*Data for the task*
────────
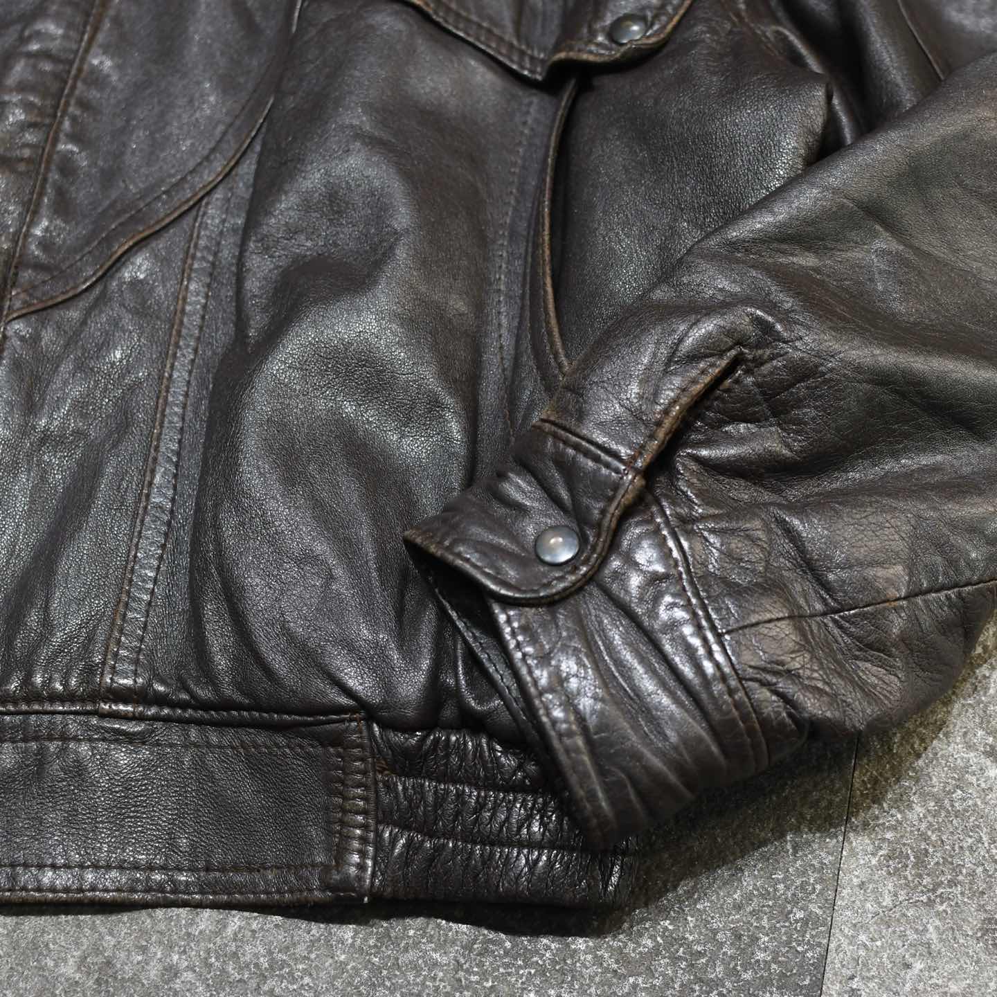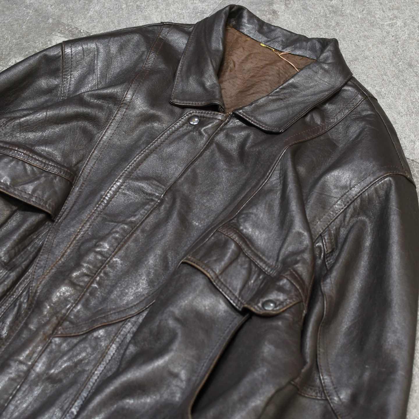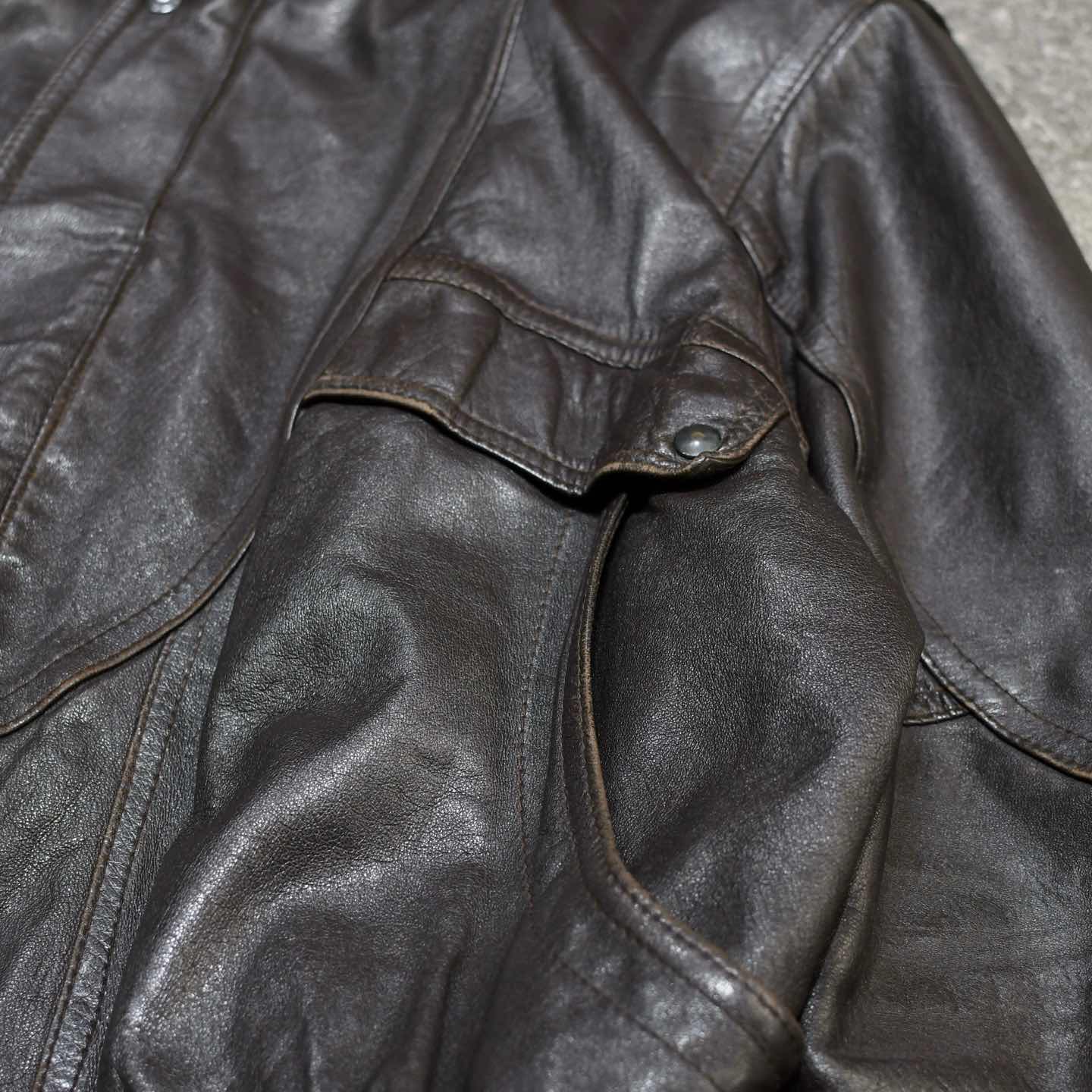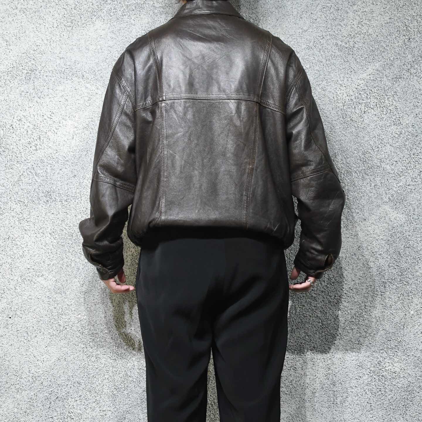SIZE:56 着丈75cm 肩幅59cm 身幅73cm 袖丈65cm fabric/leather 着用画像 177cm/64kg レザージャケットから、尖った印象を 良い塩梅で削ぎ落とした、丸みのあるシルエット。 しなやかさのあるレザーで、肌馴染みが良く 腰元で溜まるシルエットは、レザーアイテムの中でも 落とし込みやすく、身に纏いやすい1着では ないでしょうか。 結局のところ、他の素材と比べ重量が出てしまう レザーのアイテムにとって、手元においても 疎遠にならずに活躍してくれる個体です。 黒を選びがちなレザーで、 差別化出来る上品なダークブラウン、 そしてやり過ぎないポケットのデザイン。 雑にも綺麗にも、そしてカジュアルにもどうぞ。 ※左アームにペンキ飛びあり。 ※裏地に痛み、汚れあり。 ※内ポケット内、破れにて使用不可。 ※撮影状況により、実物と多少色が異なる場合が ございます。 ※古着を取り扱っているため、気づかない汚れや ほつれ等がある場合がございます。 予めご了承ください。 ※サイズは着用感で選んでおり、 表記サイズではございません。 表記サイズは説明欄の最初に記載しております。 古着 オーバーサイズ old vintage ヴィンテージ used 80's 90's アメリカ古着 ユーロ古着 POLO RALPH LAUREN Eddie Bauer OLD GAP LANDS' END ランズエンド LLBean エルエルビーン オールドギャップ エディーバウアー ラルフローレン ブルックスブラザーズ Brooks Brothers などがお好きな方 #vintage #オーバーサイズ #old #used #90s #80s #古着 #ヴィンテージ #アメリカ古着 #ユーロ古着 #LLBean #エルエルビーン #EddieBauer #エディーバウアー #oldgap #オールドギャップ #LANDSEND #ランズエンド #NAUTICA #ノーティカ #ラルフローレン #POLORALPHLAUREN #ブルックスブラザーズ #BrooksBrothers #レザージャケット #レザーブルゾン #ジャケット #ブルゾン
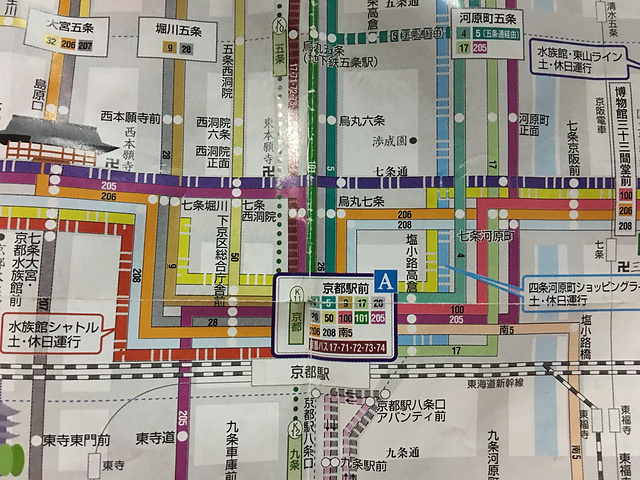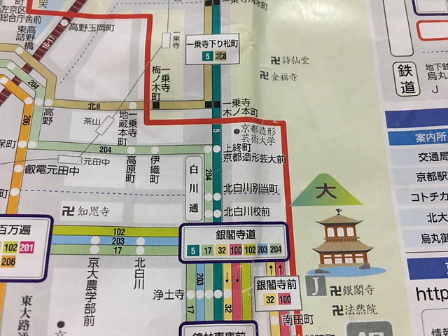 购买车票后,售票员会给你一张京都公车地图,比如我们要去银阁寺,我就找到“银阁寺前”或者“银阁寺道”哪路车到达,如下图,5,17,32,102,203,204还有100都可以到银阁寺。
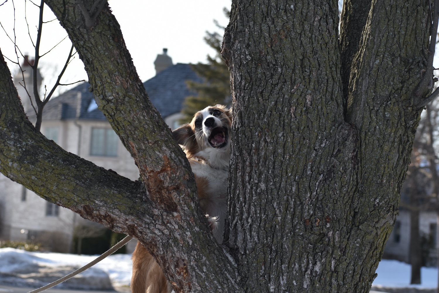 On walks, Moose tenses with excitement at every tree he sees. No squirrel necessary. He then looks to Sally for permission to climb — which is usually granted.
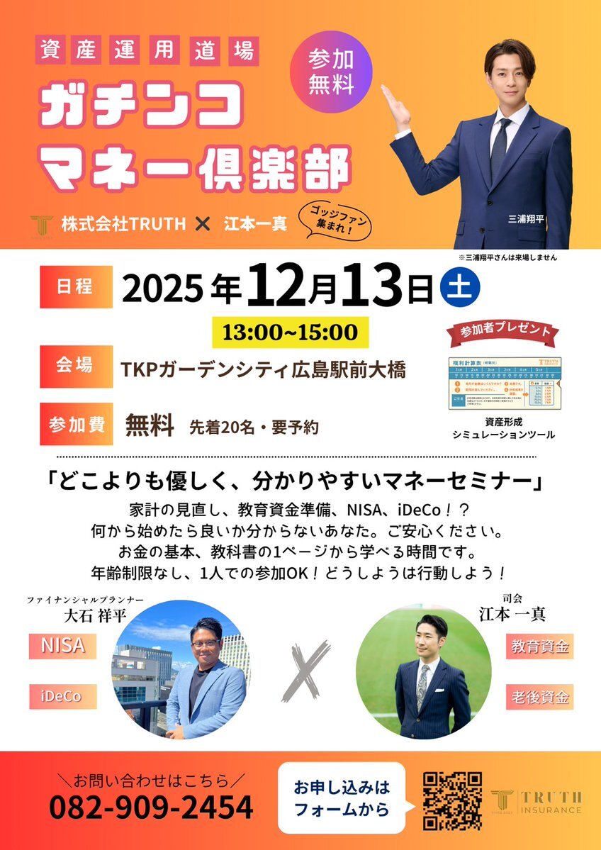 TRUTH主催スペシャルなイベント ▶▶ガチンコマネー倶楽部◀◀ #江本一真 が司会🔥 ☑️参加費無料 家計、教育費、NISA…気になるけど 敷居の高いお金の話もお任せ下さい! ゴッジリスナーも喜ぶエンタメ性抜群のイベントです! ⬇️お申し込みはコチラ docs.google.com/forms/d/e/1FAI… #ゴッジ
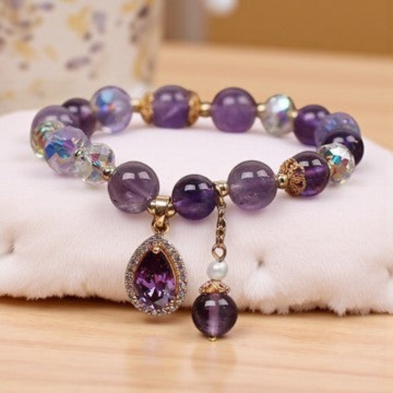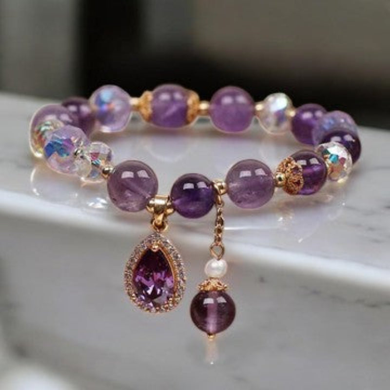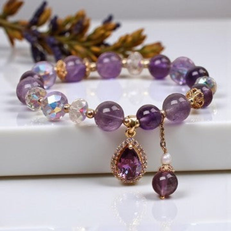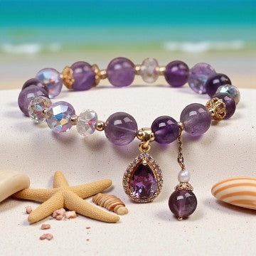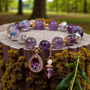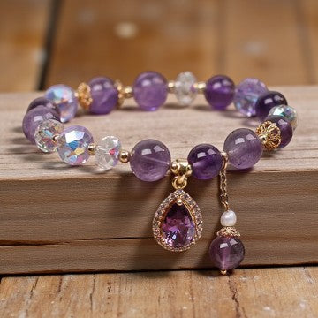 Soulful Serenity: Natural Amethyst Zircon Heart Healing Charm Bracelet
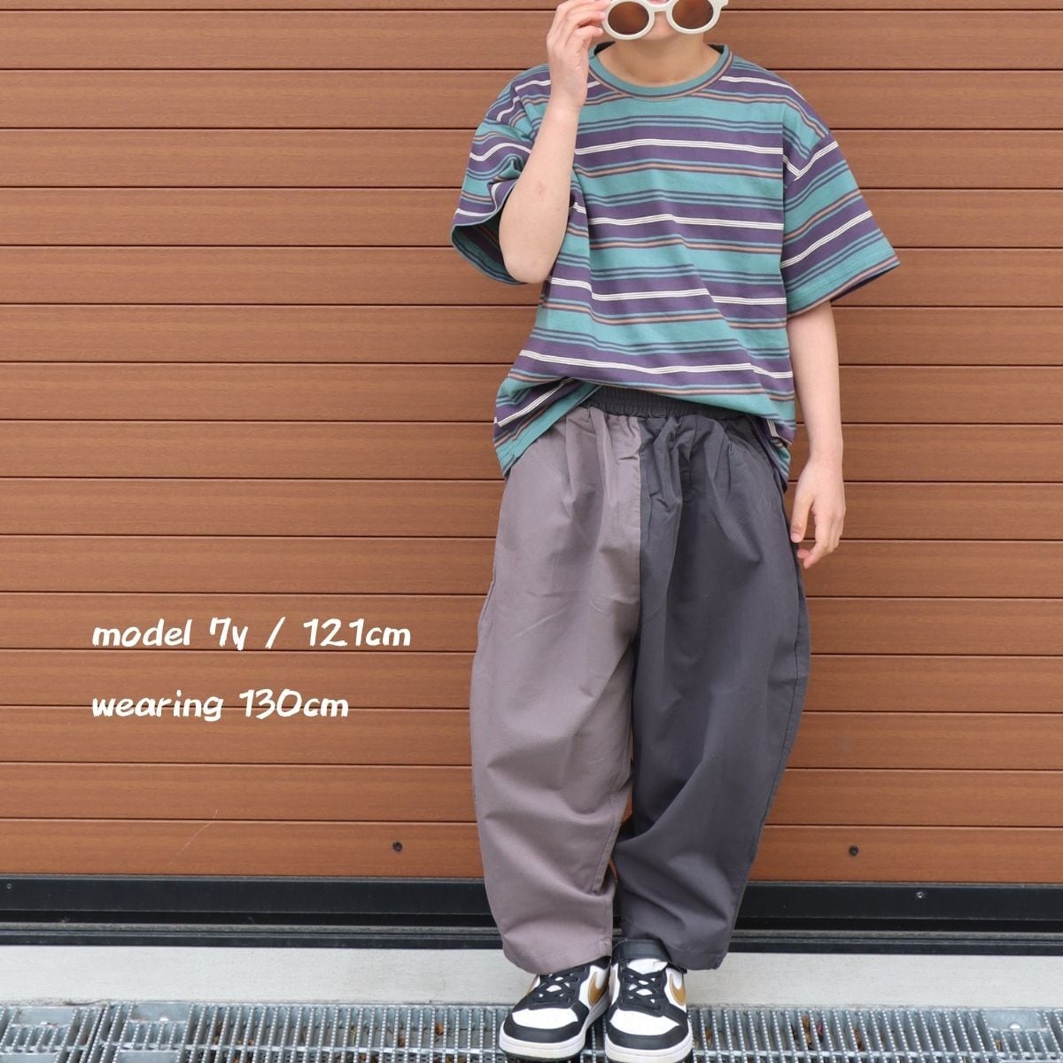 バイカラーが目を引くコットンワイドパンツ。
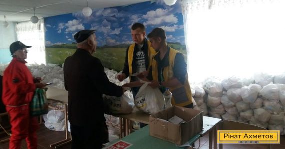 Несмотря на непрекращающиеся боевые действия на Востоке Украины, Гуманитарный штаб Рината Ахметова продолжает оказывать помощь мирным жителям. Продуктовые наборы выдаются жителям «серой зоны» и прифронтовых городов. В населенных пунктах, которые находятся под постоянными обстрелами, продолжают работать стационарные пункты выдачи.
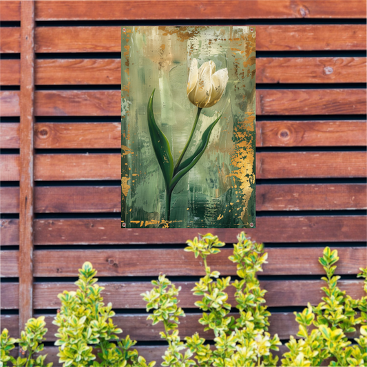 Witte tulp in abstracte expressieve olieverf tuinposter
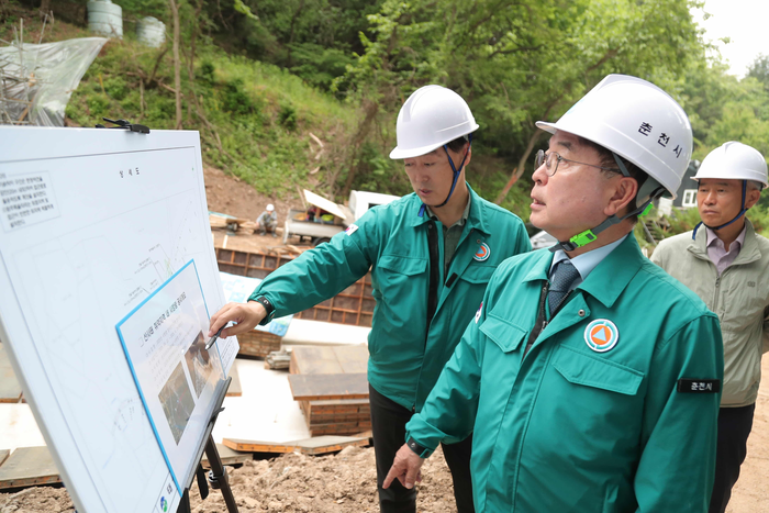 [스포츠서울ㅣ춘천=김기원기자]육동한 춘천시장이 2일 동면 감정리 치유의 숲과 사방댐 설치 현장 등 산사태 취약지역을 직접 찾아 여름철 자연재난 대비 현장점검에 나섰다.
────────
*Task prompt*
With the pictures left out, give again exactly the lines from the one with "Soulful Serenity: Natural" through the end of the data, both included.

*Response box*
 Soulful Serenity: Natural Amethyst Zircon Heart Healing Charm Bracelet
 バイカラーが目を引くコットンワイドパンツ。
 Несмотря на непрекращающиеся боевые действия на Востоке Украины, Гуманитарный штаб Рината Ахметова продолжает оказывать помощь мирным жителям. Продуктовые наборы выдаются жителям «серой зоны» и прифронтовых городов. В населенных пунктах, которые находятся под постоянными обстрелами, продолжают работать стационарные пункты выдачи.
 Witte tulp in abstracte expressieve olieverf tuinposter
 [스포츠서울ㅣ춘천=김기원기자]육동한 춘천시장이 2일 동면 감정리 치유의 숲과 사방댐 설치 현장 등 산사태 취약지역을 직접 찾아 여름철 자연재난 대비 현장점검에 나섰다.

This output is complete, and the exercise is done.